→ **PROVIDED DATA**:
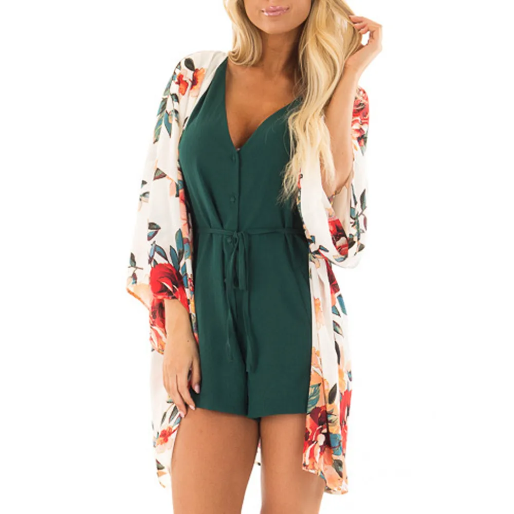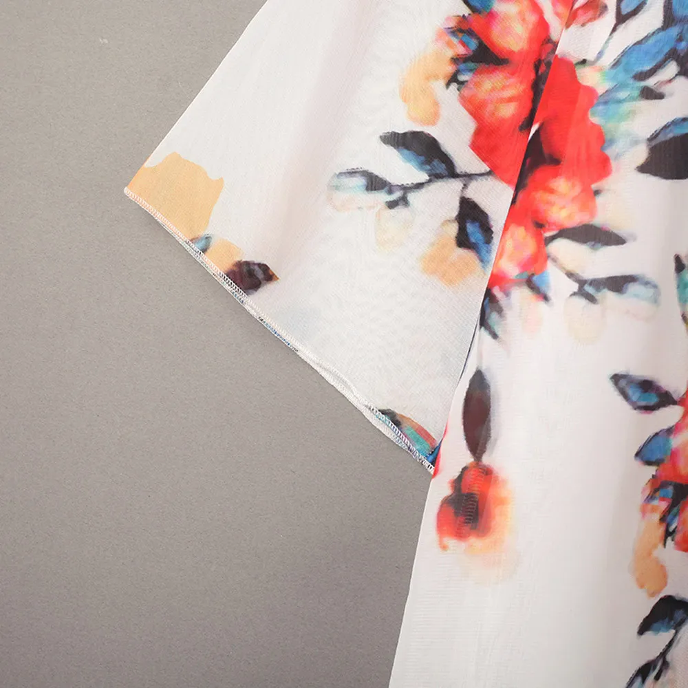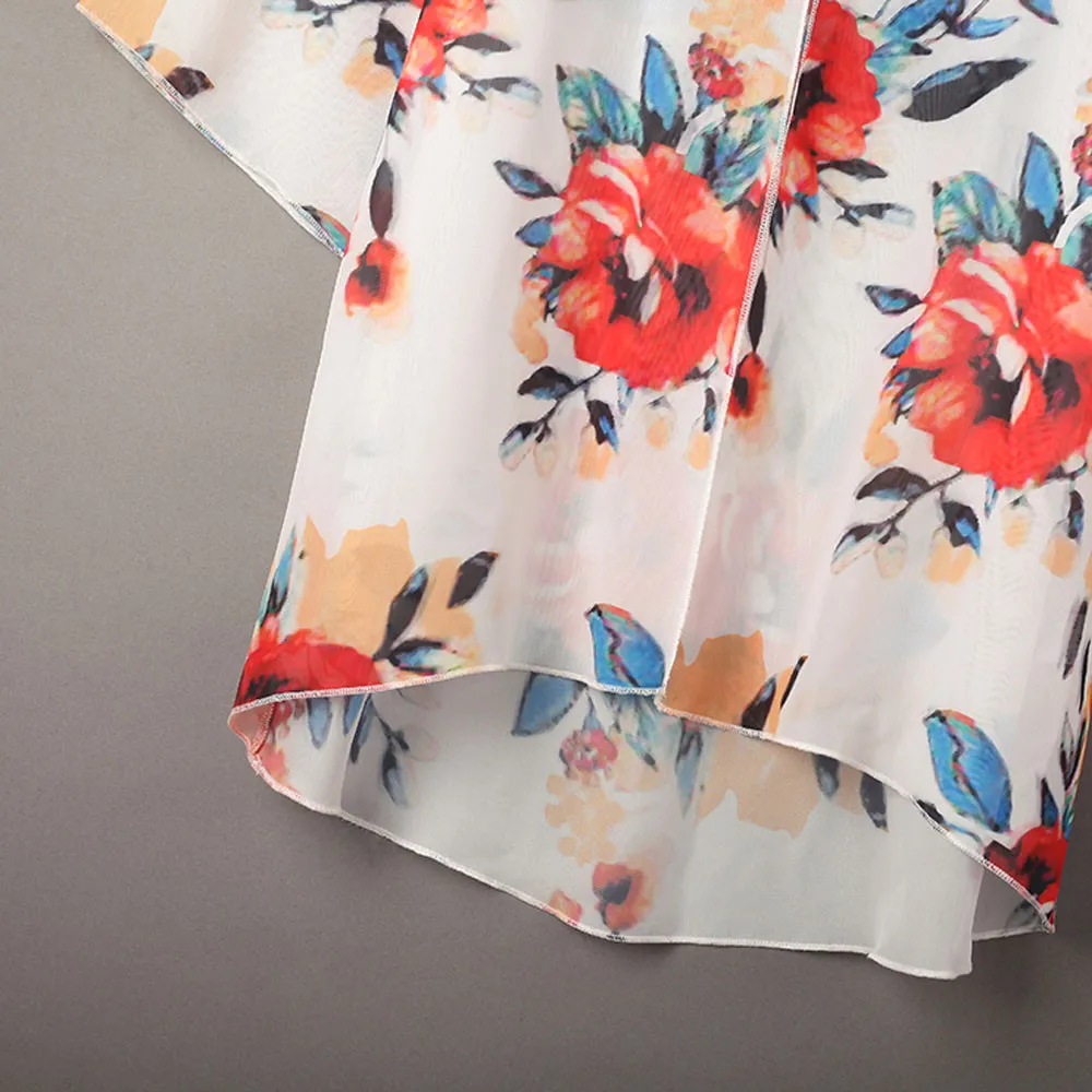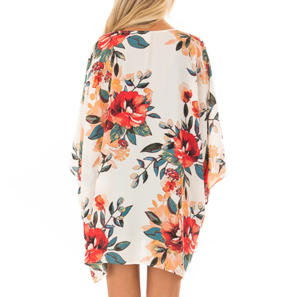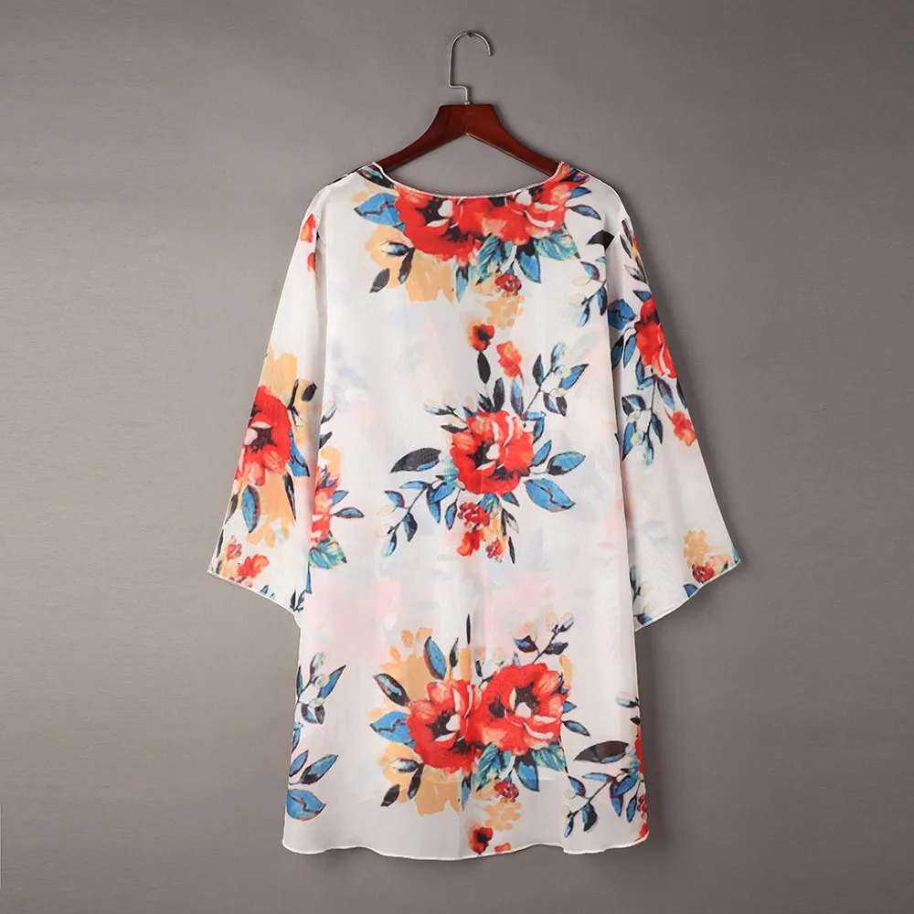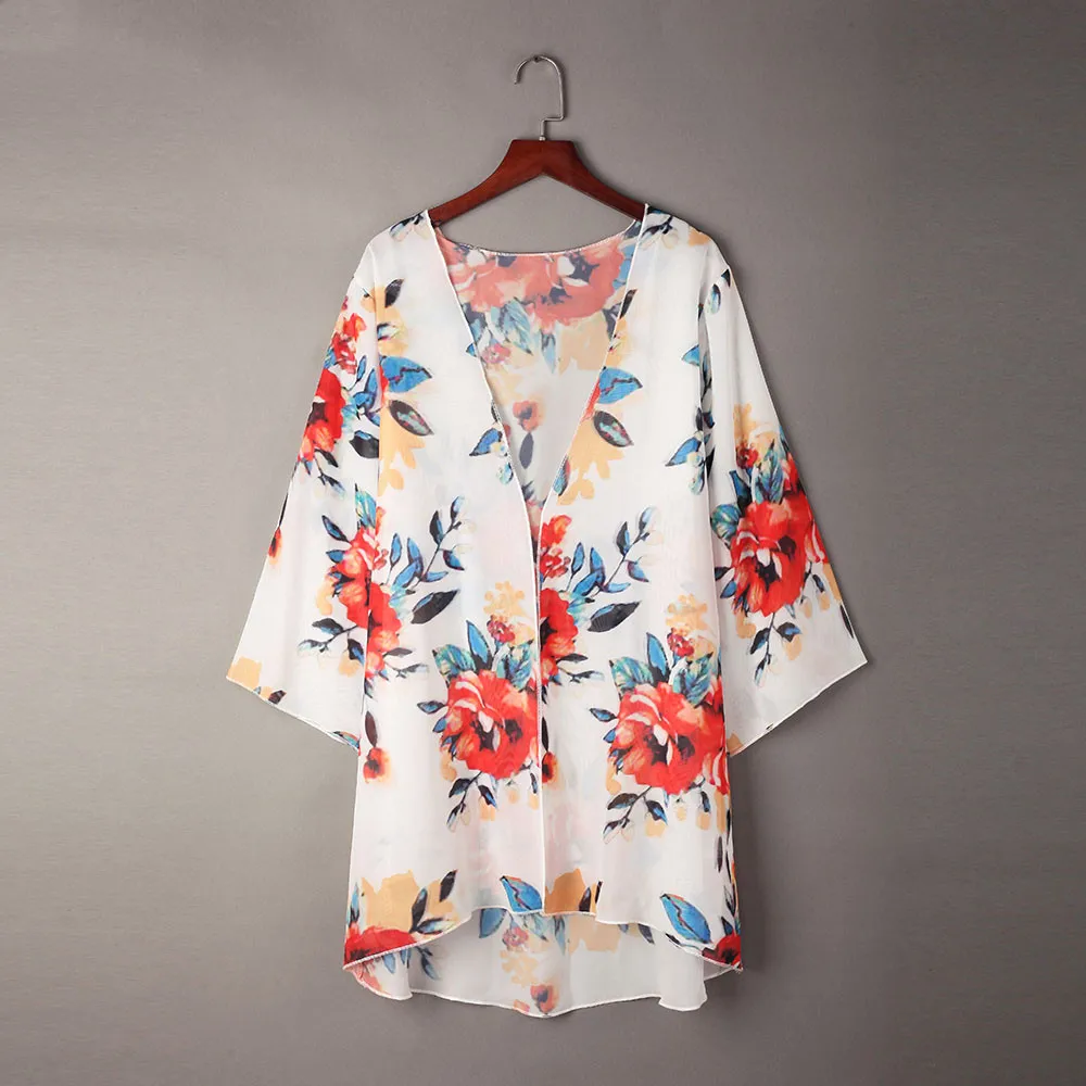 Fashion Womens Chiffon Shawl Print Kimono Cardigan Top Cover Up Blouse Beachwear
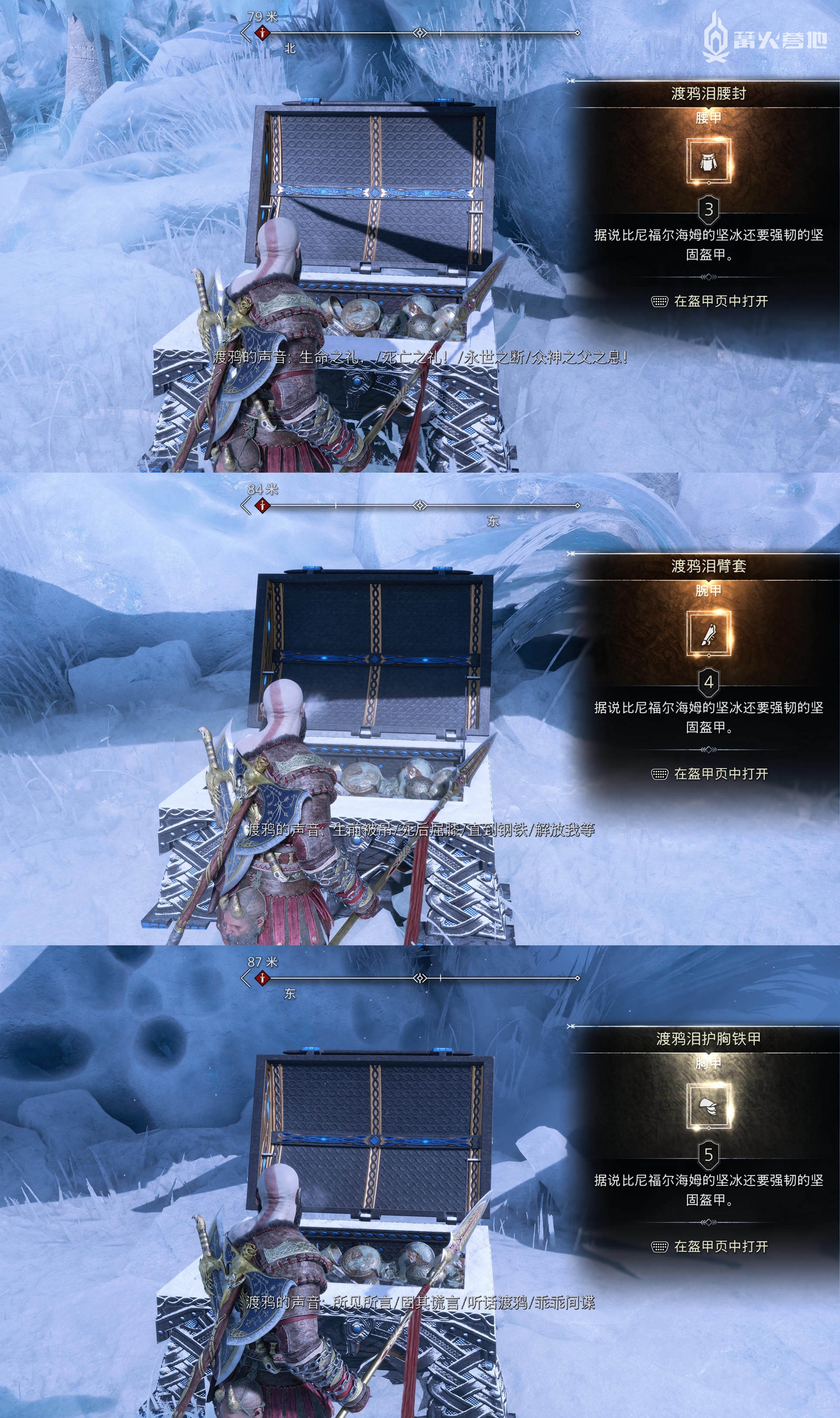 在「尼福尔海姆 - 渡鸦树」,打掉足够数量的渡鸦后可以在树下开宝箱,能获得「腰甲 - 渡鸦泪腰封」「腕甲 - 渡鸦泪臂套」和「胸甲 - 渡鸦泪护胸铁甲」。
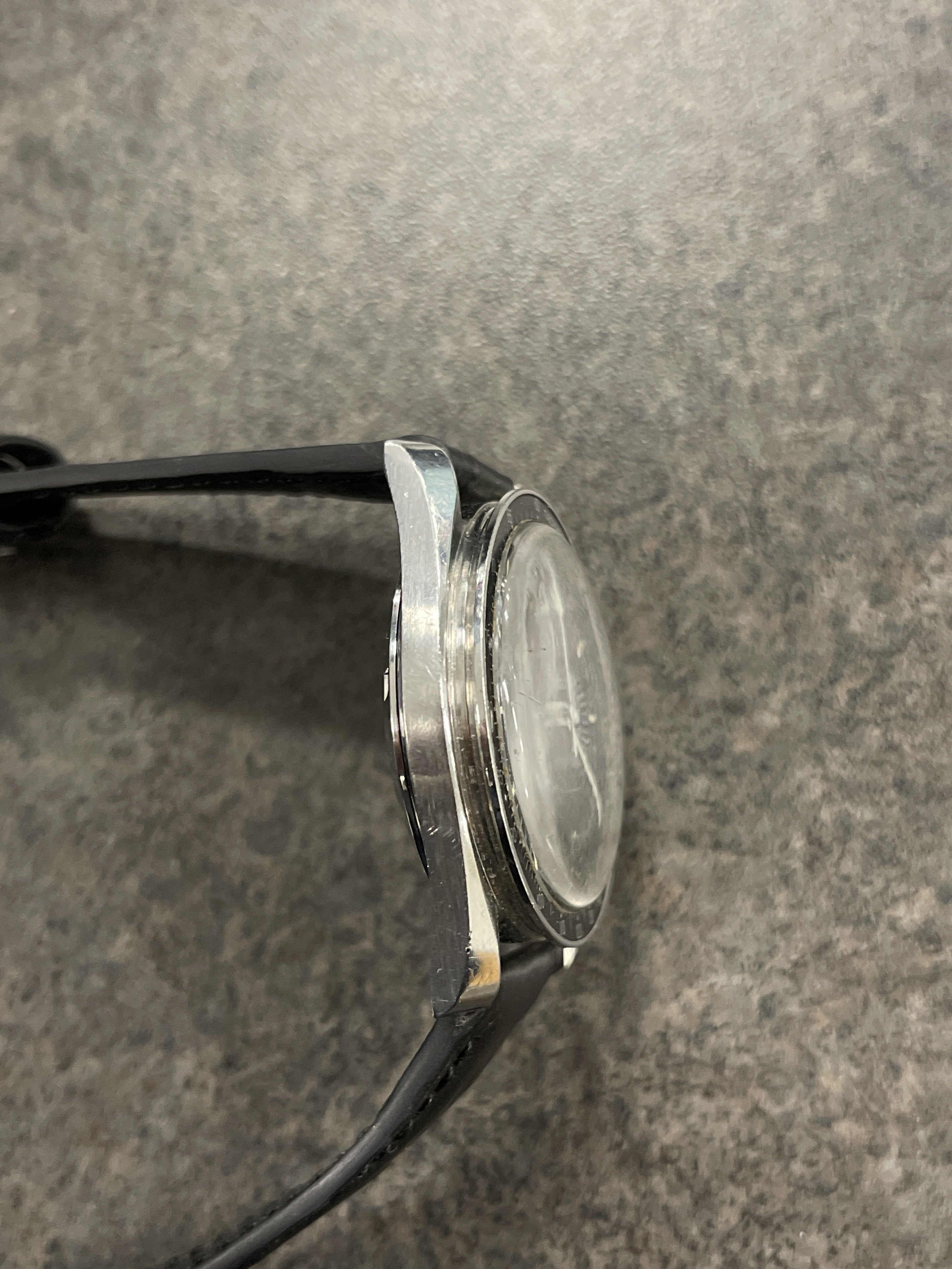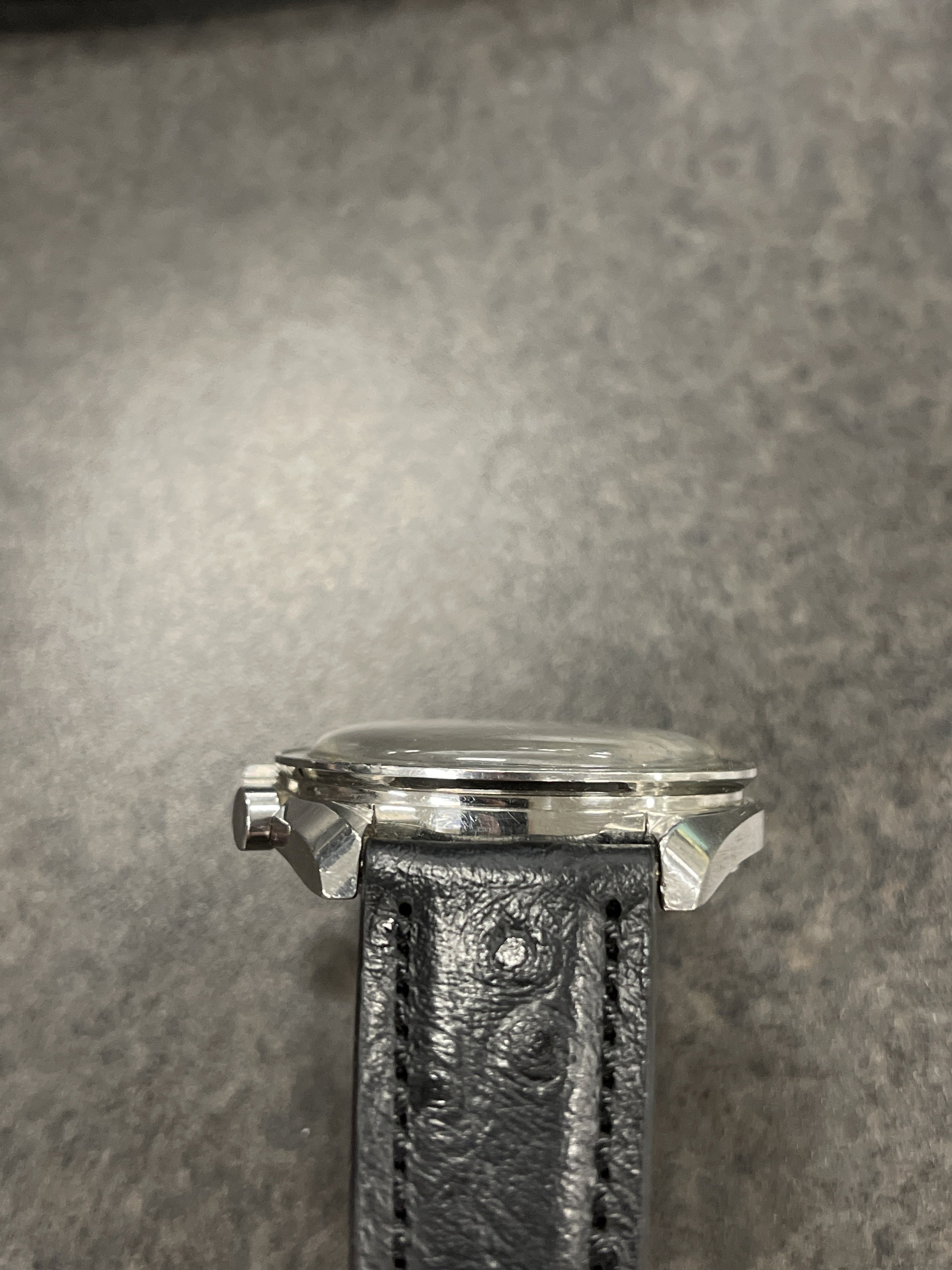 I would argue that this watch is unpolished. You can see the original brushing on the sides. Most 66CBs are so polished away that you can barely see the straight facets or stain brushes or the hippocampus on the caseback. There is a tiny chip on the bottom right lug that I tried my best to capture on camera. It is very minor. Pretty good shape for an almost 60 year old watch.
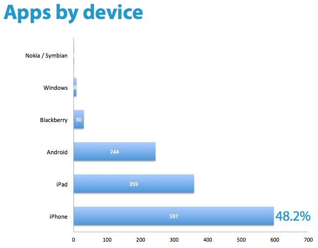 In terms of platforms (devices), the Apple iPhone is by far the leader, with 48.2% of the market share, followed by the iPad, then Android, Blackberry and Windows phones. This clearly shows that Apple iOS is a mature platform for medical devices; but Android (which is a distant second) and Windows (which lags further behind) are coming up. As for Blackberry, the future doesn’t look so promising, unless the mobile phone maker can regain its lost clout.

→ **EXERCISE GOAL**: Write out the listing above in full, word for word, with no pictures.

→ **SOLUTION TO THIS TASK**:
 Fashion Womens Chiffon Shawl Print Kimono Cardigan Top Cover Up Blouse Beachwear
 在「尼福尔海姆 - 渡鸦树」,打掉足够数量的渡鸦后可以在树下开宝箱,能获得「腰甲 - 渡鸦泪腰封」「腕甲 - 渡鸦泪臂套」和「胸甲 - 渡鸦泪护胸铁甲」。
 I would argue that this watch is unpolished. You can see the original brushing on the sides. Most 66CBs are so polished away that you can barely see the straight facets or stain brushes or the hippocampus on the caseback. There is a tiny chip on the bottom right lug that I tried my best to capture on camera. It is very minor. Pretty good shape for an almost 60 year old watch.
 In terms of platforms (devices), the Apple iPhone is by far the leader, with 48.2% of the market share, followed by the iPad, then Android, Blackberry and Windows phones. This clearly shows that Apple iOS is a mature platform for medical devices; but Android (which is a distant second) and Windows (which lags further behind) are coming up. As for Blackberry, the future doesn’t look so promising, unless the mobile phone maker can regain its lost clout.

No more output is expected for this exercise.